T2K measures the oscillation of beams of accelerator produced muon-neutrinos and muon-antineutrinos to electron-neutrinos and electron anti-neutrinos, respectively, after a 295km flight path across Japan to the Super-K detector. Any difference in the oscillatory behaviour of these matter and antimatter beams gives a measure of the CP violation phase in the mixing matrix connecting the 3 neutrino flavour states (electron-, muon- and tau-) to their mass eigenstates. The phase can take  a value from -180º to 180º, with 0º and 180º being CP conserving. T2K has disfavored almost half of the possible values at the 99.7% (3σ) confidence level, and CP conservation is disfavored at 95% confidence level, indicating that CP symmetry may well be violated in neutrino oscillations.

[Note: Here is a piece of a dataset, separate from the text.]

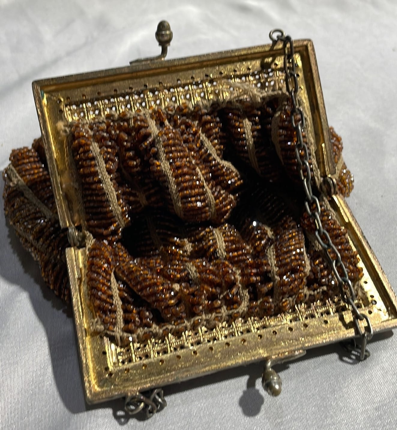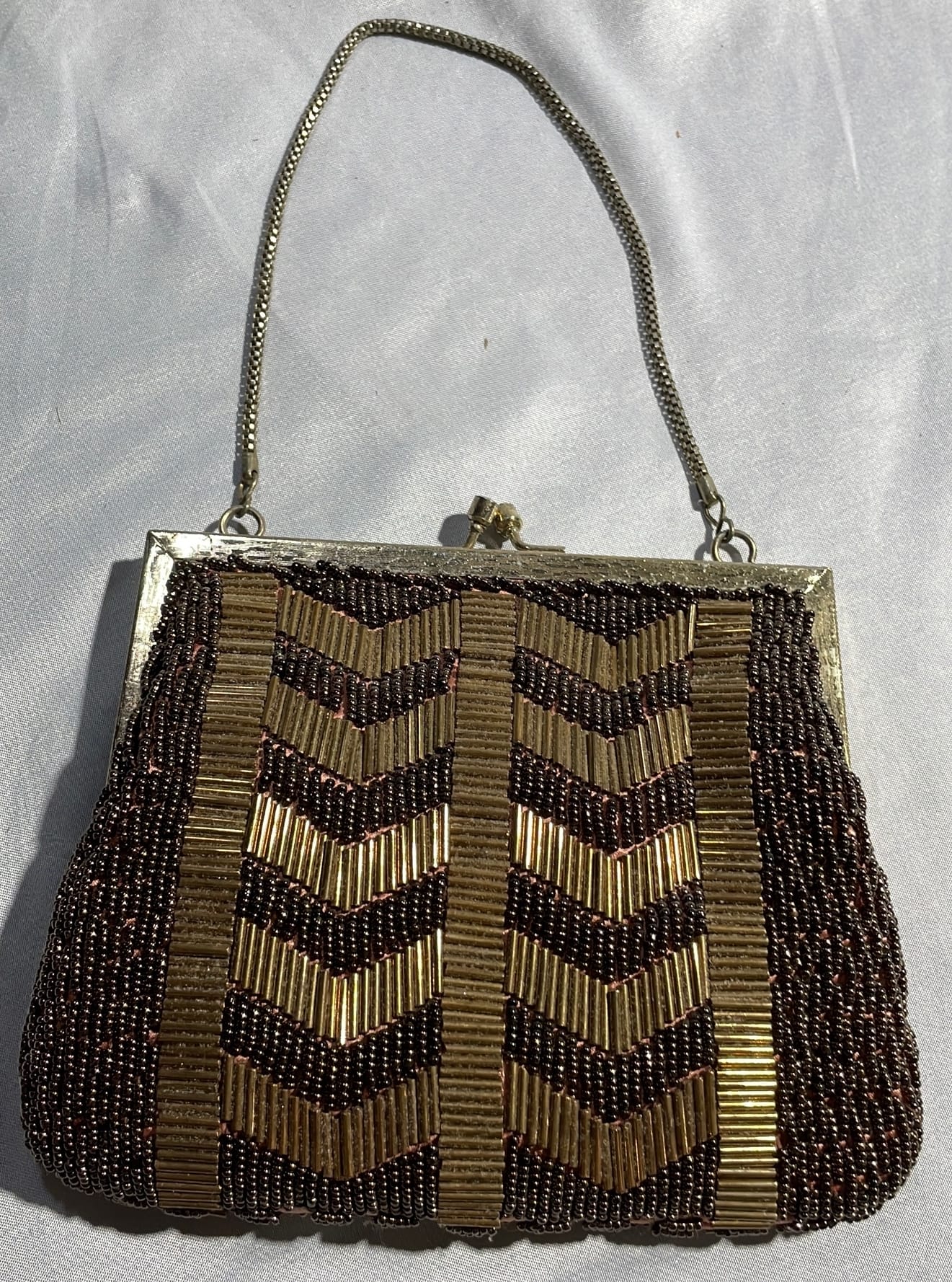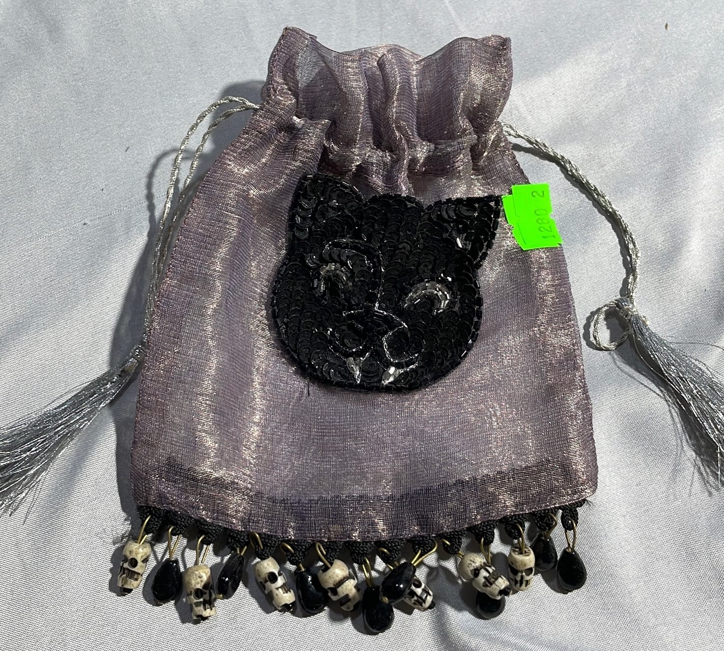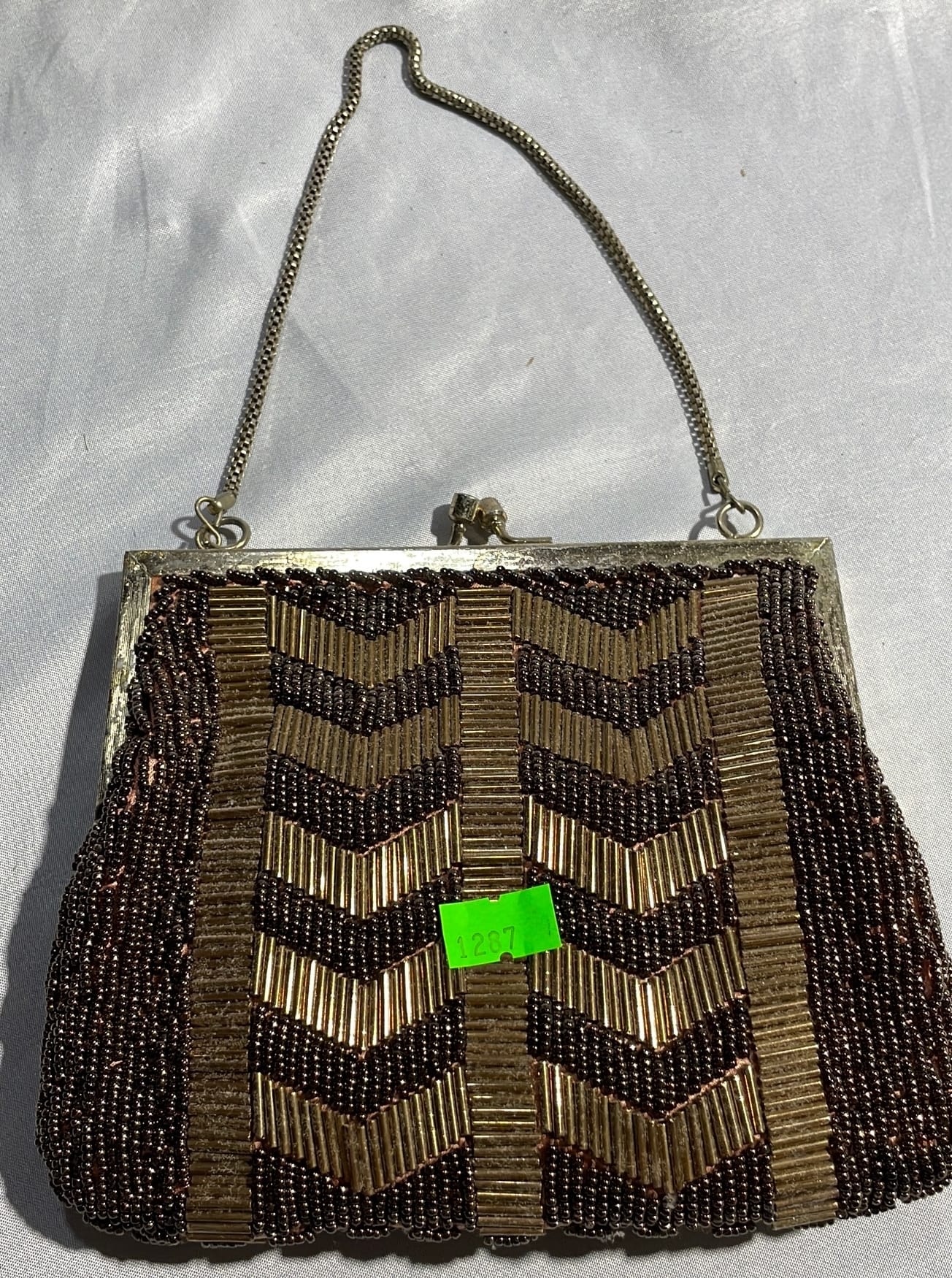 1280 Metal beaded clutch 4"x5", cat bag 5"x6"

CP violation is one of the necessary conditions in the early universe proposed by Andrei Sakharov in 1967 to explain the profound puzzle why our present universe is made of matter only. The small CP violation already well-measured in the quark sector of the Standard Model of particle physics is insufficient to support this explanation, but perhaps CP violation in the lepton (neutrino) sector will be much larger. Further measurements with the recently approved Hyper-K program in Japan, which involves upgraded beam power, new detectors near the neutrino production target and a gigantic new detector at the 295km site, and the future DUNE program at Fermilab should definitively answer this question.